We have visited many villages and temples in several towns such as Kampong Cham, Kampong Trolach, Phnom Penh (3 nights docked here), Tan chau, Sa Dec and Cai Be. All have their charms except Phnom Penh. We had several excursions there but it is probably the only place I would not return to for many years. A real discrepancy between haves and have-nots and no apparent effort by the Cambodian government to improve the situation.
So far this trip our transportation methods have included: plane, buses, electric golf cart type vehicles, sampans, rickshaws, cyclos, riverboat, bicycle, kayak, tuk tuk, and some even did elephant. My favourite is tuk tuk. They go anywhere and weave in and out of traffic with abandon and only cost $4 per load no matter how many people or where you are going. One guy asked why I had picked his tuk tuk (there are usually 20 guys around trying to get your business). I replied , 'because it was so clean and red and black'. The real reason was he was
so handsome and had a great smile - I really didn't care what his tuk tuk looked like.

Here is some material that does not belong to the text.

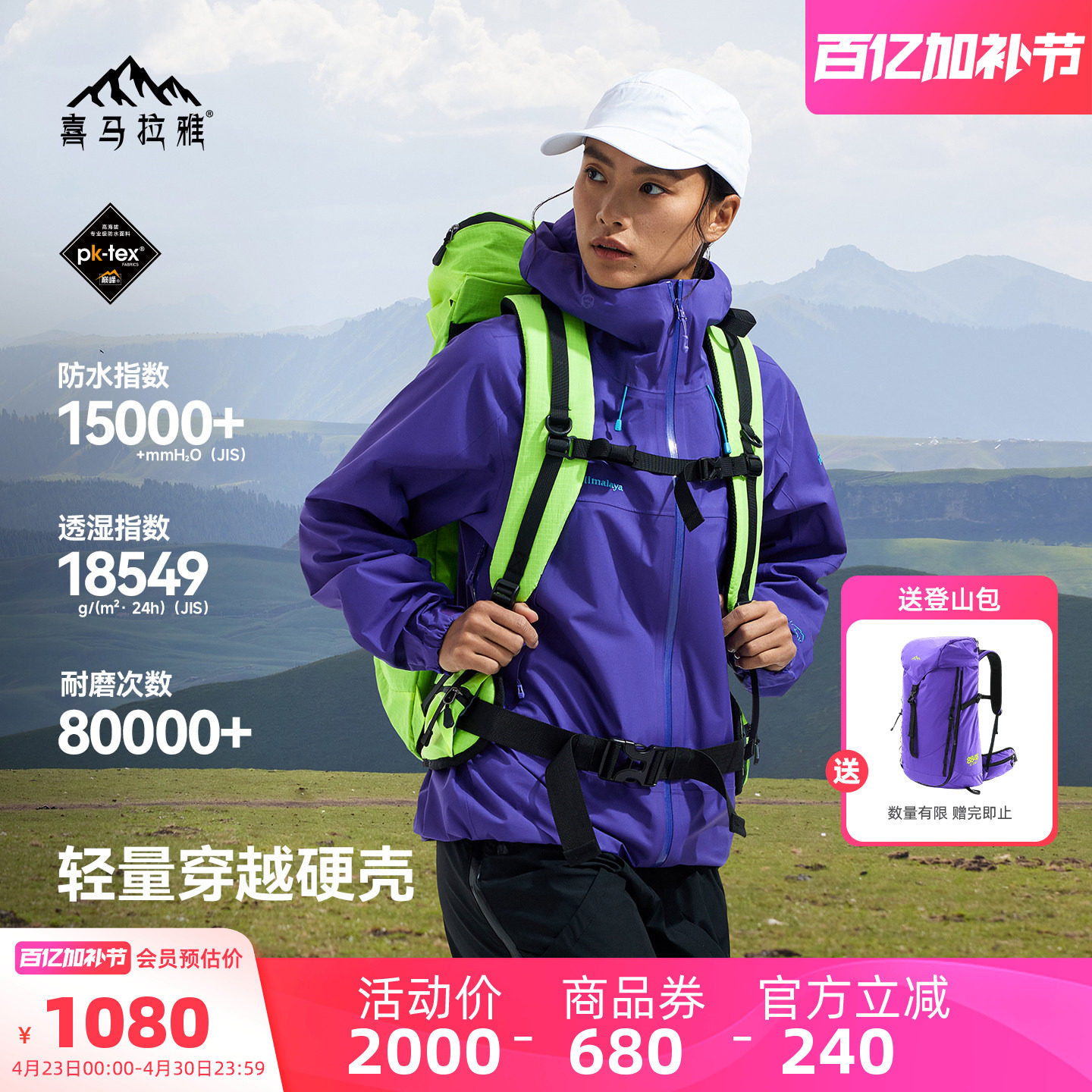 喜马拉雅H3500夏特冲锋衣女款硬壳2026春夏新款防风防水户外外套

We have seen and heard a lot about Pol Pot and the Khmer regime. I could not bring myself to go to the killing fields and S-21. I was already having bad dreams and I would rather read more about this at home. I felt I would emotionally fall apart if I visited these 2 places. So Dan and I went to the Central Market in Phnom Penh - maze of inventory from food, clothing, kitchenware, shoes, jewellery - mind boggling. I was actually shopped out just looking - couldn't even concentrate to buy. Won't let that happen again. Then we headed straight to the famous Raffles hotel and sat in The Elephant Bar and I had the most expensive cocktail ever - $16 pisco sour - 4 sips and done. It did come with peanuts and banana chips though.
In Tan Chau we had the best excursions. We visited a farming island and a typical home on stilts there. While the guide was busy explaining about the farm and the house I was drawing in the dirt with some
of the kids and ended up playing hopscotch (cabet?) with about 5 of them. In that heat it was quite a challenge.

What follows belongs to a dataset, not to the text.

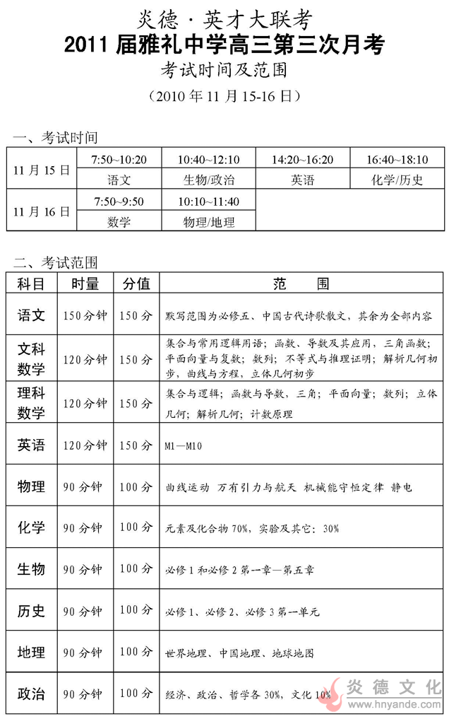 來源:本站原創點擊:2010-11-11 10:09:06收藏本文當前位置:考試范圍 雅禮中學 高三 正文

The group of people on this trip (50 of us) have been super friendly and lots of fun. No real standout characters that annoy. There have been a few odd questions asked of the guides though and here are 2 of my favourites:
1. During a briefing about the next day's activities the Muslim call to prayer could be heard from across the river. Someone asked if the guide could please turn down the music.
2. While walking past a peanut field the guide had to explain to someone that the peanuts were in the ground. Someone asked, Do they have their shells on?
Today our last excursion was to the Reunification Palace and then when he said we would next visit a temple I almost groaned out loud. But it was a Daoist temple and I found the 200 year old carvings so interesting and the use of the temple was so busy with people buying and lighting incense and 'special paper money' to burn. When I was sitting doing a sketch a
Vietnamese woman beside me was smiling and trying to point out some details I was missing in my drawing. She was happy when I was done. I have had 2 Cafe Sua da today so it may take a while to get to sleep tonight - apparently they are quite high on the caffeine scale. We have tomorrow morning to be at the pool until it is time to go to the airport at 1 pm. Tomorrow is Friday the 13th. Good day to fly right - well we get to do Friday the 13th twice because we cross the International Date Line on the way home.
It will be good to see the grandkids again and it will be good to see Viet Nam again sometime in the future.
Next trip - New York in December!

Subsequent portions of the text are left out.